Friday, November 29, 2013

No. 49 - Longest Substring without Duplication

Problem: Given a string, please get the length of the longest substring which does not have duplicated characters. Supposing all characters in the string are in the range from ‘a’ to ‘z’.

Analysis: It’s not difficult to get all substrings of a string, and to check whether a substring has duplicated characters. The only concern about this brute-force strategy is performance. A string with n characters has O(n2) substrings, and it costs O(n) time to check whether a substring has duplication. Therefore, the overall cost is O(n3).
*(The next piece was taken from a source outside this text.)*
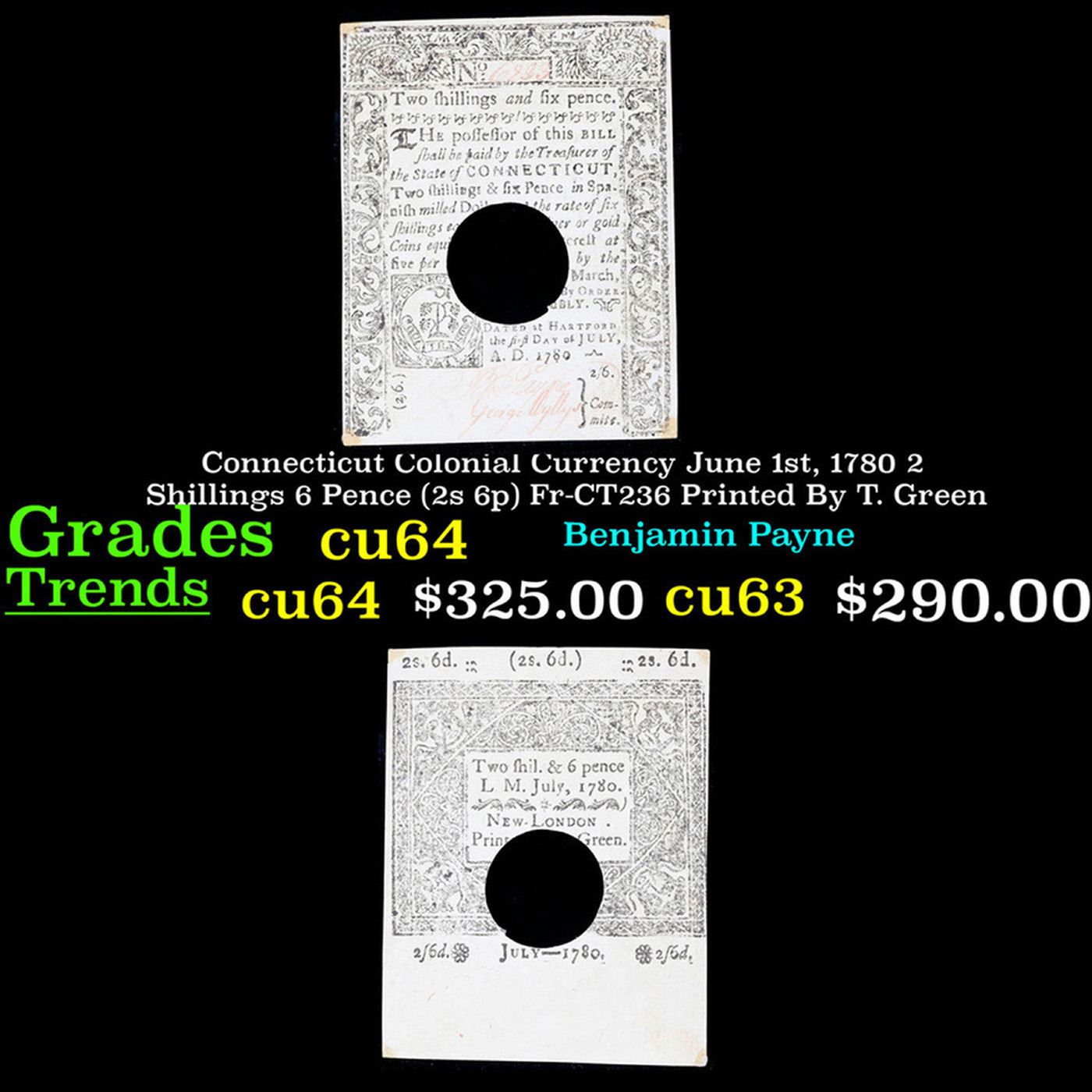 Connecticut Colonial Currency June 1st, 1780 2 Shillings 6 Pence (2s 6p) Fr-CT236 Printed By T. Green Grades Choice CU.

We may improve the efficiency with dynamic programming. Let’s denote the length of longest substring ending with the ith character by L(i).

We scan the string one character after another. When the ith character is scanned, L(i-1) is already know. If the ith character has not appeared before, L(i) should be L(i-1)+1. It’s more complex when the ith character is duplicated. Firstly we get the distance between the ith character and its previous occurrence. If the distance is greater than L(i-1), the character is not in longest substring without duplication ending with the (i-1)th character, so L(i) should also be L(i-1)+1. If the distance is less than L(i-1), L(i) is the distance, and it means between the two occurrence of the ith character there are no other duplicated characters.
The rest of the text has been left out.